An integer is chosen at random from the integers $$1, 2, 3, \ldots, 50$$. The probability that the chosen integer is a multiple of at least one of $$4, 6$$ and $$7$$ is

We use the Principle of Inclusion-Exclusion for three sets $$A$$ (multiples of 4), $$B$$ (multiples of 6), and $$C$$ (multiples of 7).

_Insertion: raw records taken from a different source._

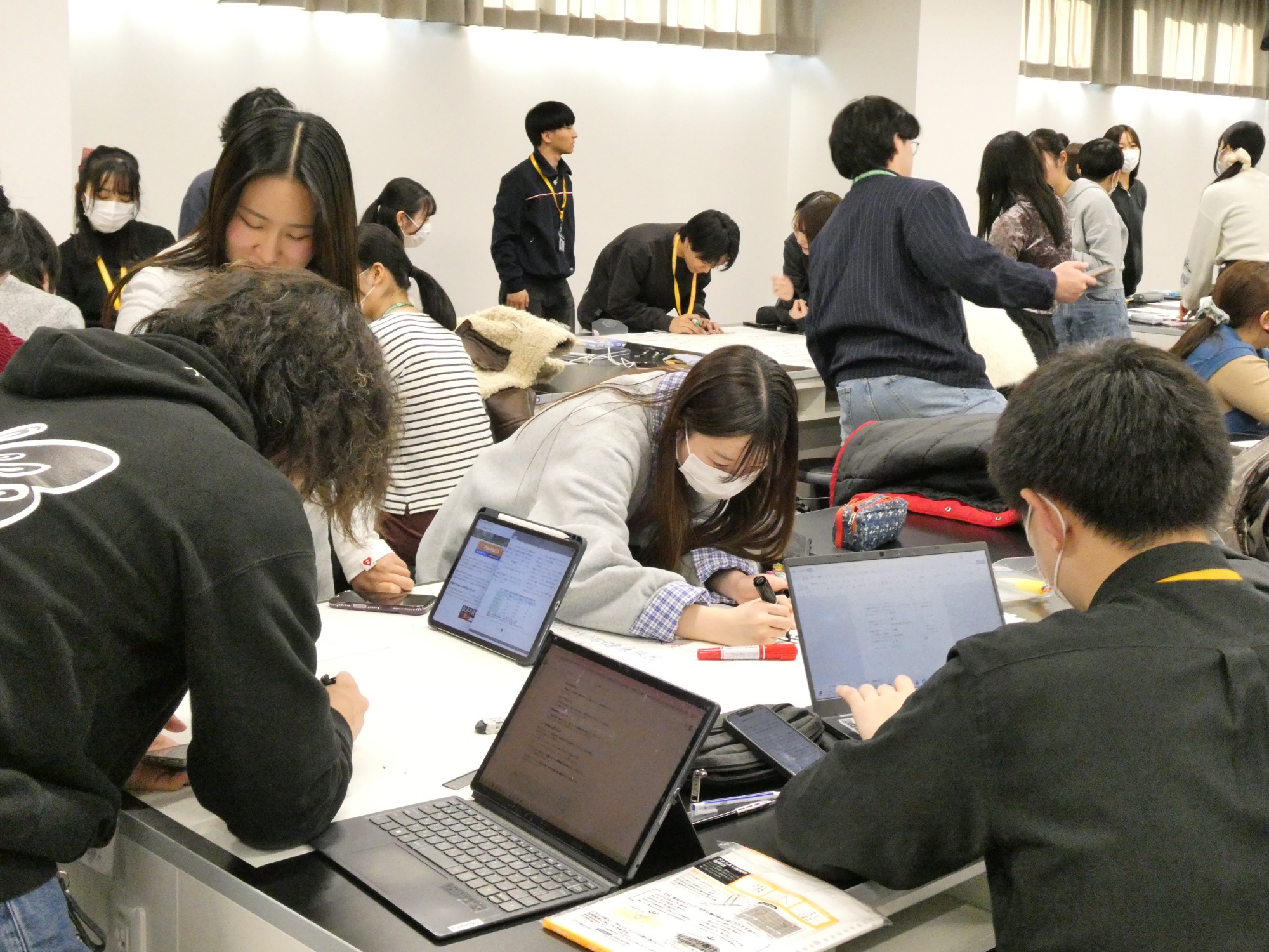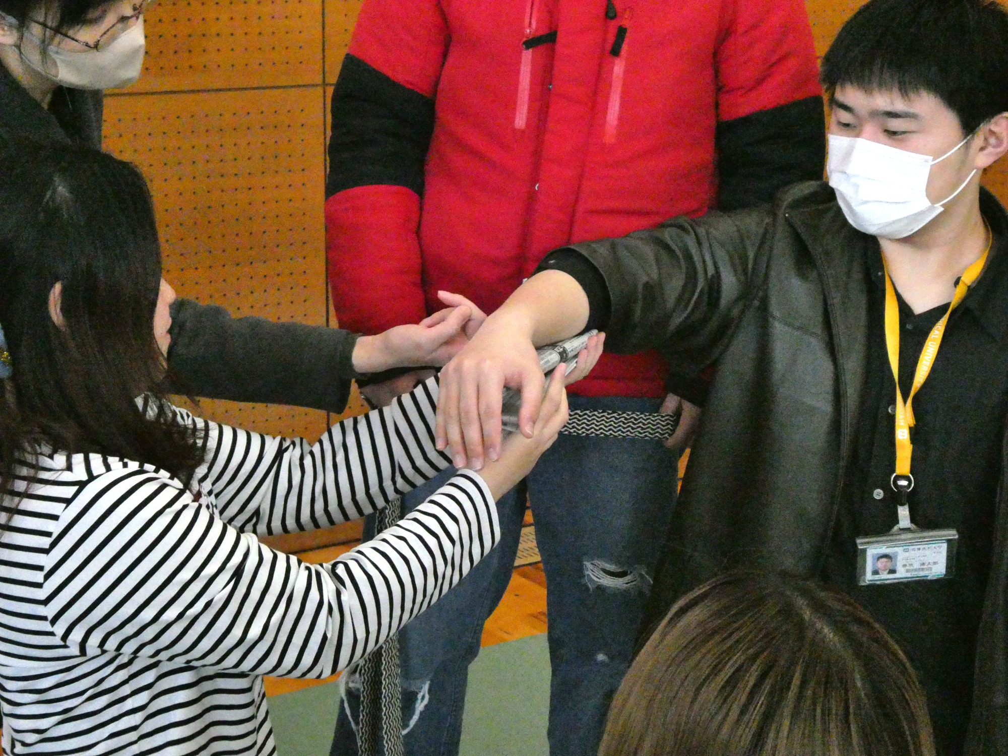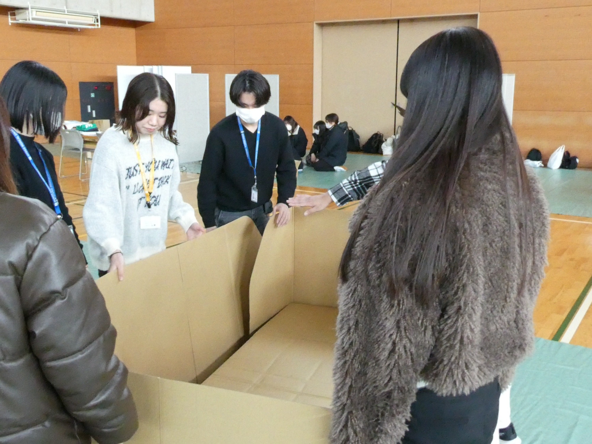 2026年2月10、12~13、16日の4日間、本学2年生を対象とした多職種連携教育の体験型演習「チーム医療概論」を実施しました。本科目は、4学部の学生6~7名でチームを構成し、チームビルディングや多職種連携の重要性を体験的に学ぶことを目的としています。今年度は、「災害関連死を防ぐためには」をテーマに掲げ、学生自身が組み立てた段ボールベッドに横になったり、簡易トイレに座ったり、使い捨てトイレの試用、限られた物資の中での応急処置などを体験しました。さらに、健康維持に欠かせない避難所の食事や栄養、災害支援食、口腔ケアの重要性についても学びました。また、避難所運営ゲーム「HUG(Hinanjo Unei Game)」を活用し、刻一刻と変化する状況下での協働や情報共有の難しさを体験しました。これらの体験から避難所の医療・生活支援における問題点や課題について討議し、ポスターを作成しました。最終日の発表会では、多職種の視点を活かした解決策の提案や考察が示され、活発な質疑応答でさらに理解を深める場となりました。本授業を通じて、学生たちは将来の専門職としての意識を高め、互いの専門性を尊重しながら協働することの重要性を実践的に学びました。
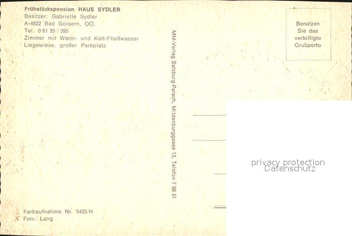 72438098 Bad Goisern Salzkammergut Fruehstueckspension Haus Sydler postalisch nicht gelaufen Erhaltung siehe scans KatCode: 11390315040702
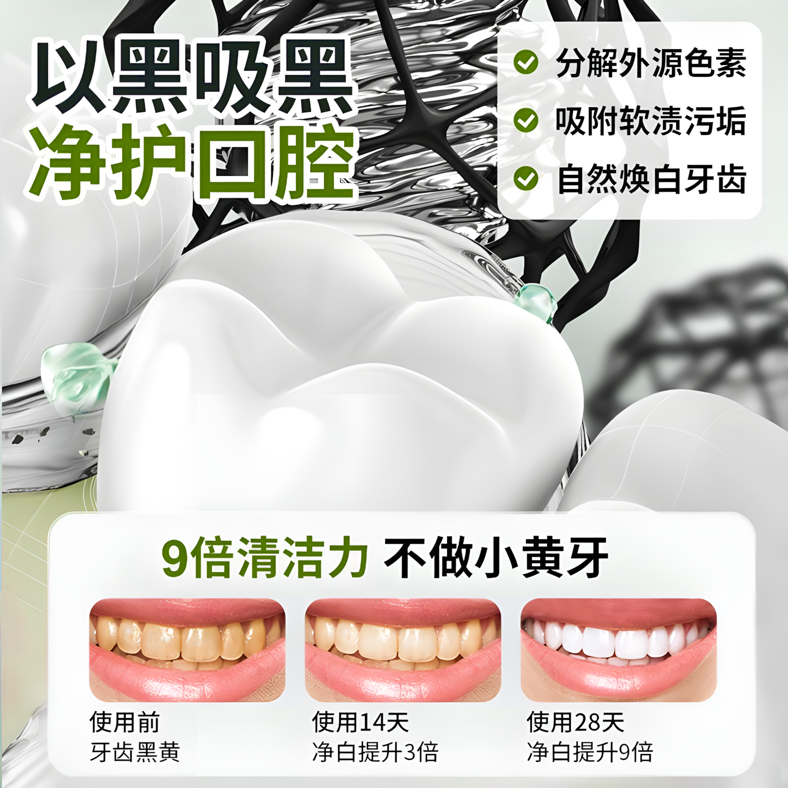 竹炭牙膏男士专用去黄去口臭美白速效女成人热销榜第一名官方正品

• $$n(A) = \lfloor 50/4 \rfloor = 12$$

• $$n(B) = \lfloor 50/6 \rfloor = 8$$

• $$n(C) = \lfloor 50/7 \rfloor = 7$$

• $$n(A \cap B) = \text{multiples of } \text{lcm}(4, 6) = 12 \implies \lfloor 50/12 \rfloor = 4$$

• $$n(B \cap C) = \text{multiples of } \text{lcm}(6, 7) = 42 \implies \lfloor 50/42 \rfloor = 1$$

• $$n(A \cap C) = \text{multiples of } \text{lcm}(4, 7) = 28 \implies \lfloor 50/28 \rfloor = 1$$

• $$n(A \cap B \cap C) = \text{multiples of } \text{lcm}(4, 6, 7) = 84 \implies 0$$

Total count: $$12 + 8 + 7 - (4 + 1 + 1) + 0 = 21$$.

Probability: $$P = \frac{21}{50}$$